Saved data entries:
********************

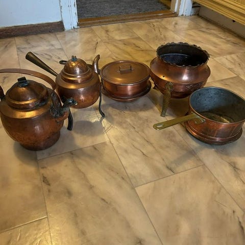 Ett stort set av kastruller och stekpannor m.m.
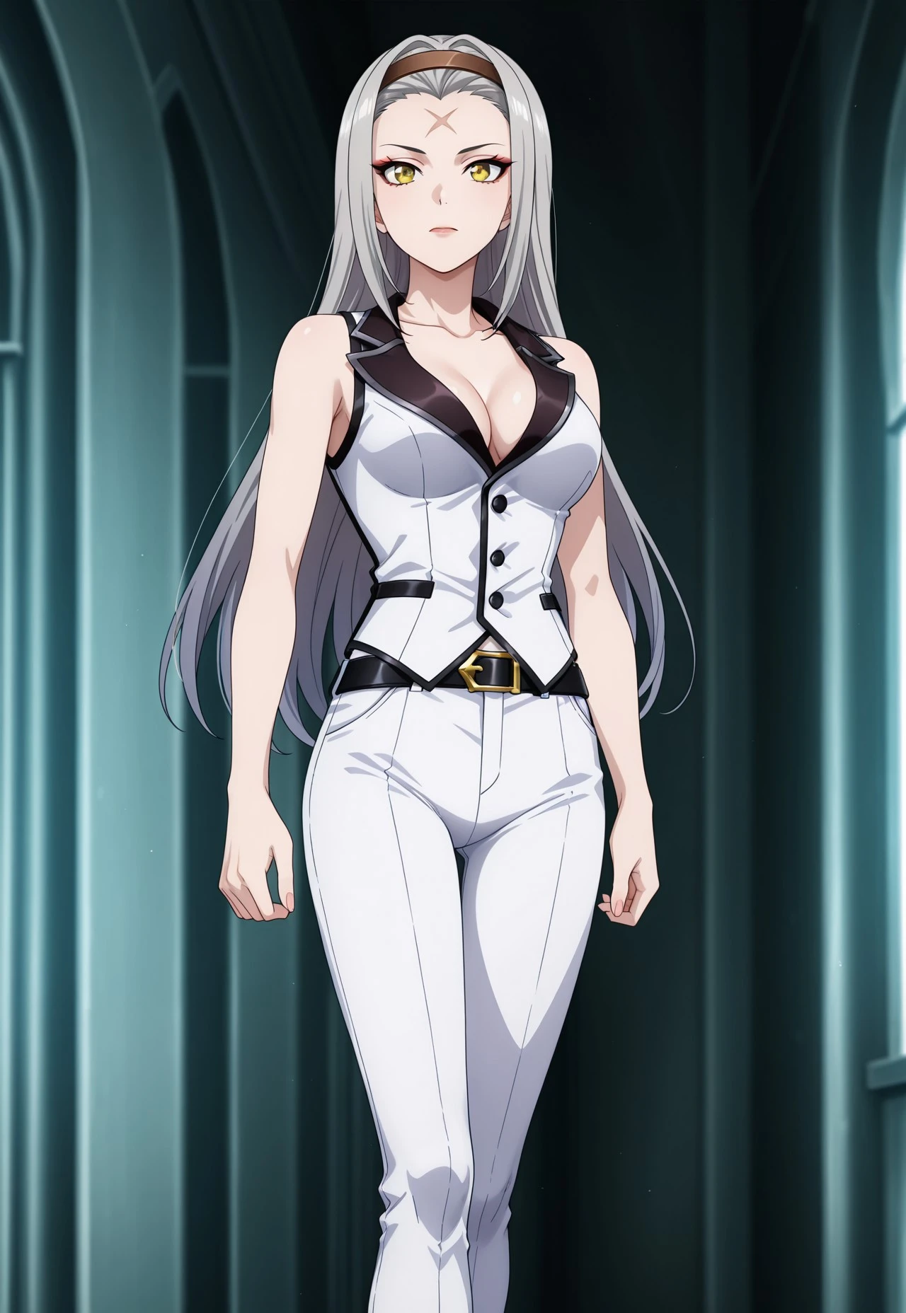 Kuki Ageha, anime screencap, anime, 1girl, solo, tall, long legs, medium breasts, gray hair, very long hair, straight hair, brown hairband, sidelocks, yellow eyes, cross-shaped forehead scar, sleeveless vest, black trim vest, no undershirt:1.0, white vest, 4 buttons:1.0, black buttons, white pants, black belt, gold belt buckle, cleavage
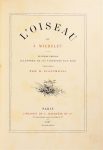 MICHELET (Jules). L'OISEAU. Huitième édition illustrée de 210 vignettes sur bois. Paris, Hachette, 1867. Grand in-8, demi-maroquin bleu à coins, dos à nerfs orné de fers dorés représentant des oisillons dans un nid, t. dorée, couv. et dos (P. Affolter). Première édition illustrée de 210 vignettes par H. Giacomelli. Bel exemplaire joliment orné de fers spéciaux. (Vicaire V, 833).
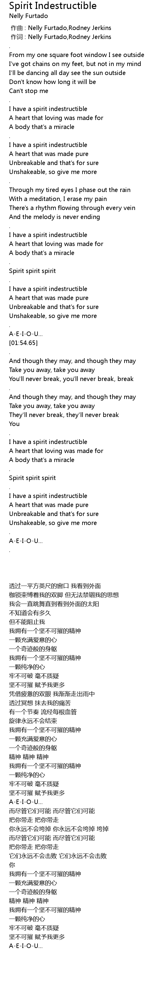 | [00:01.00] | zuò cí : Nelly Furtado, Rodney Jerkins |
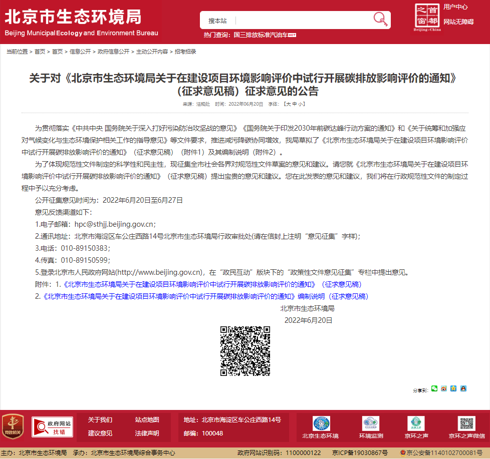 北京市生態(tài)環(huán)境局官網(wǎng)6月20日發(fā)布公告,就《北京市生態(tài)環(huán)境局關于在建設項目環(huán)境影響評價中試行開展碳排放影響評價的通知》(征求意見稿)公開征求社會各界意見。
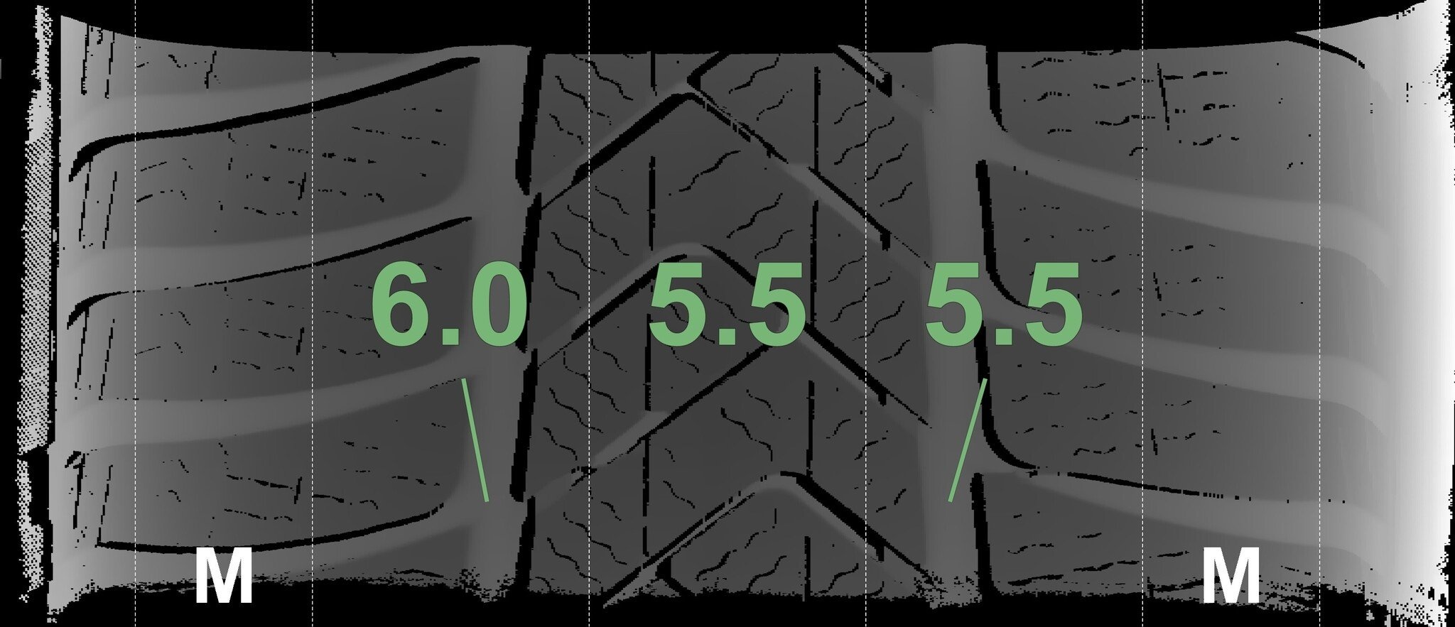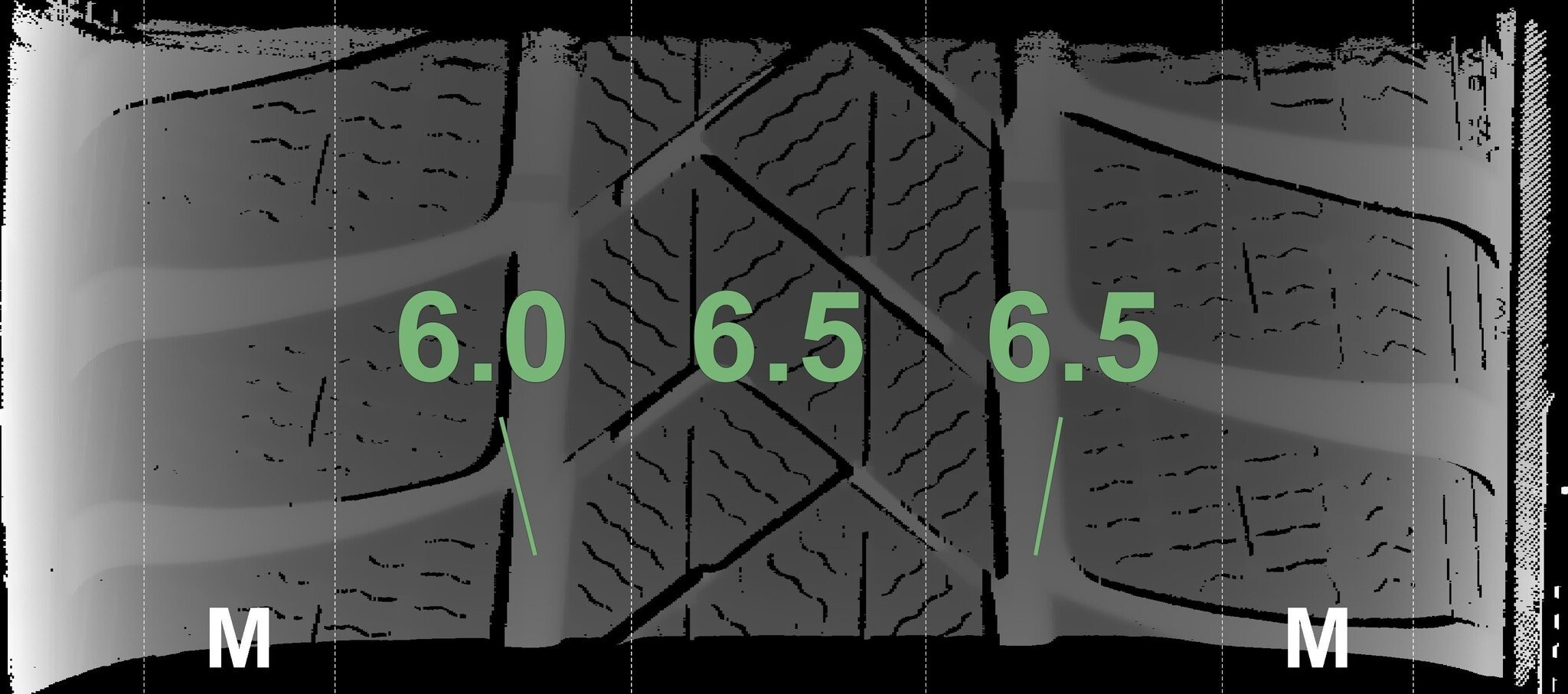 Die gemessenen Profiltiefen und die Details der Felgen sind oben aufgeführt.
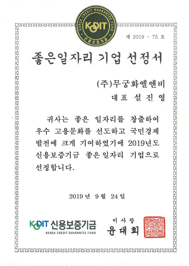¹«±ÃÈLNB°¡ 2019³â ½Å¿ëº¸Áõ±â±Ý ÁÁÀºÀÏÀÚ¸® ±â¾÷¿¡ ¼±Á¤µÇ¾ú½À´Ï´Ù.
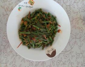 然后放入豆角翻炒,放少量酱油,翻炒,然后加点水
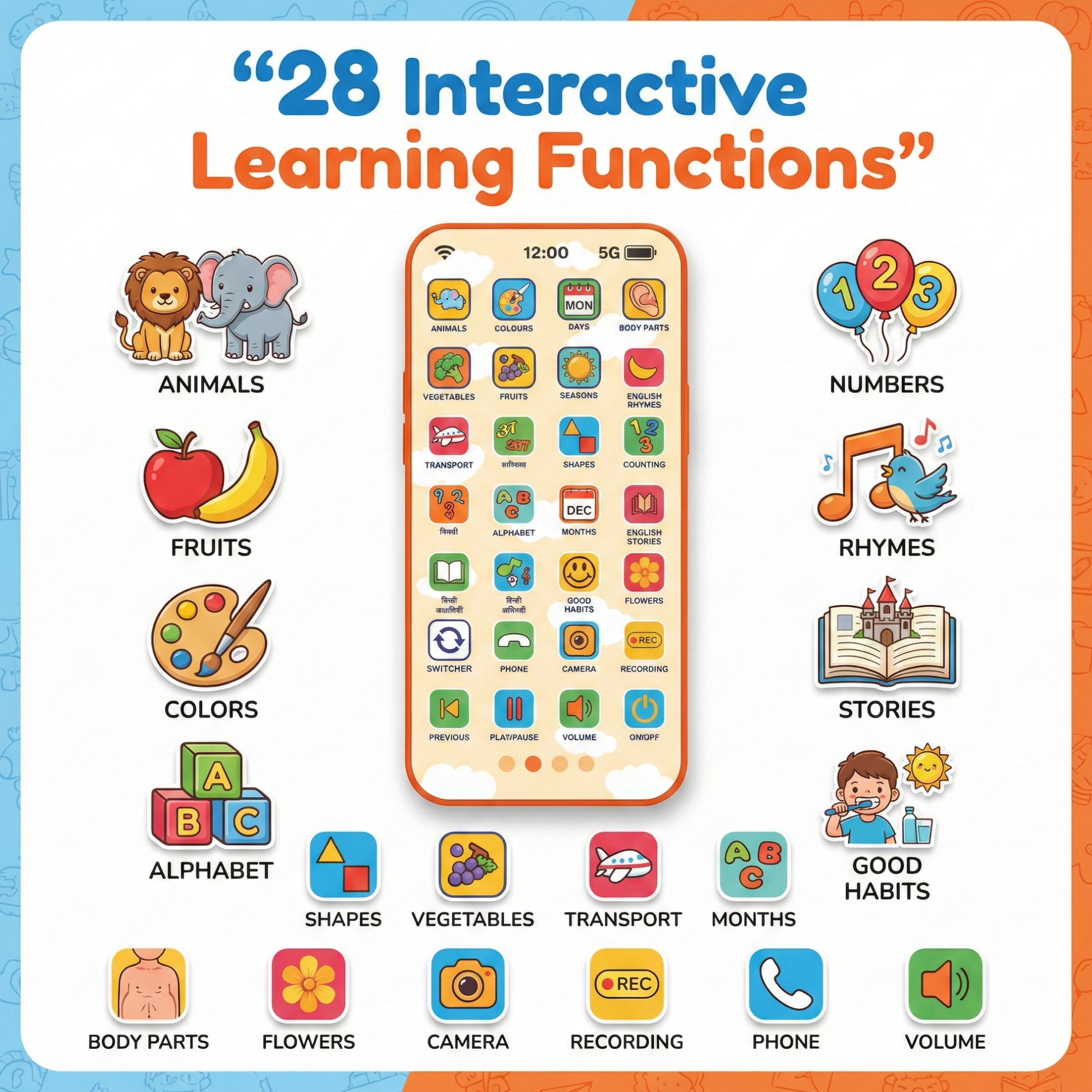 - 📚 Stories & Rhymes: Dedicated buttons play English Rhymes, English Stories, Hindi Poems, and Hindi Stories, turning playtime into storytime.
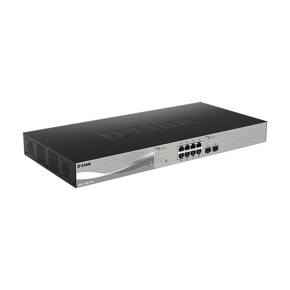 DXS-1100-10TS 10Gigabit Smart Switch proporciona una solución asequible para PYMES que deseen implementar redes de 10 Gb. Sus 8 puertos 10 GBASE-T aumentan al instante el ancho de banda de red a 10G a través de cableado Cat 6a estándar sin necesidad de revisar el cableado de la infraestructura de red existente. Los 2 puertos Gigabit de fibra SFP+ proporcionan mayor flexibilidad de conexión a la red.
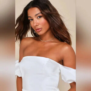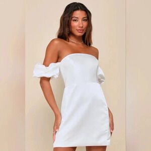 Lulu's Significant Sensation White Satin Off-the-Shoulder Mini Dress Party NWOT. See all pictures for details. Size currently SOLD OUT online.
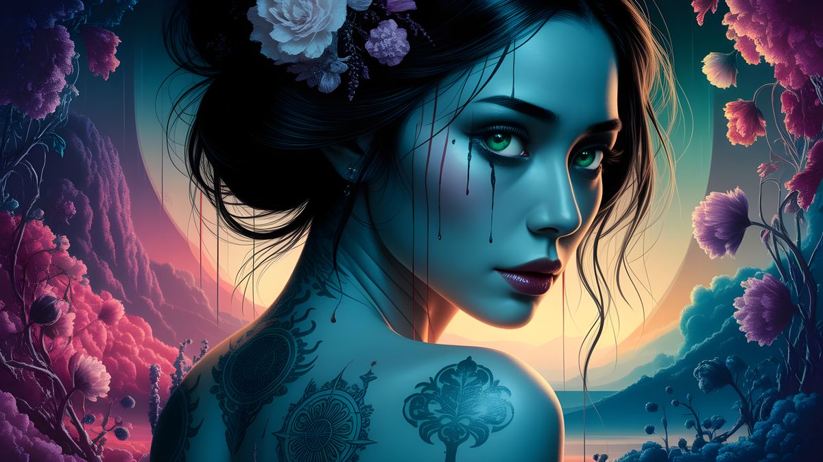 A close-up full frame portrait captures the ethereal beauty of a Japanese woman, her flawless skin glowing under a soft, eerie light. Her emerald green eyes seem to hold secrets of another world, and she is covered and dripping in various colors of paint. Intricately tattooed Japanese symbols adorn her ...

********************

### [What this task involves]
Reproduce the lines from the one with "Rodney Jerkins |" through the end of the data, keeping both end lines, adding nothing, and dropping any pictures.

### [Answer space]
 | [00:01.00] | zuò cí : Nelly Furtado, Rodney Jerkins |
 北京市生態(tài)環(huán)境局官網(wǎng)6月20日發(fā)布公告,就《北京市生態(tài)環(huán)境局關于在建設項目環(huán)境影響評價中試行開展碳排放影響評價的通知》(征求意見稿)公開征求社會各界意見。
 Die gemessenen Profiltiefen und die Details der Felgen sind oben aufgeführt.
¹«±ÃÈLNB°¡ 2019³â ½Å¿ëº¸Áõ±â±Ý ÁÁÀºÀÏÀÚ¸® ±â¾÷¿¡ ¼±Á¤µÇ¾ú½À´Ï´Ù.
 然后放入豆角翻炒,放少量酱油,翻炒,然后加点水
 - 📚 Stories & Rhymes: Dedicated buttons play English Rhymes, English Stories, Hindi Poems, and Hindi Stories, turning playtime into storytime.
 DXS-1100-10TS 10Gigabit Smart Switch proporciona una solución asequible para PYMES que deseen implementar redes de 10 Gb. Sus 8 puertos 10 GBASE-T aumentan al instante el ancho de banda de red a 10G a través de cableado Cat 6a estándar sin necesidad de revisar el cableado de la infraestructura de red existente. Los 2 puertos Gigabit de fibra SFP+ proporcionan mayor flexibilidad de conexión a la red.
 Lulu's Significant Sensation White Satin Off-the-Shoulder Mini Dress Party NWOT. See all pictures for details. Size currently SOLD OUT online.
 A close-up full frame portrait captures the ethereal beauty of a Japanese woman, her flawless skin glowing under a soft, eerie light. Her emerald green eyes seem to hold secrets of another world, and she is covered and dripping in various colors of paint. Intricately tattooed Japanese symbols adorn her ...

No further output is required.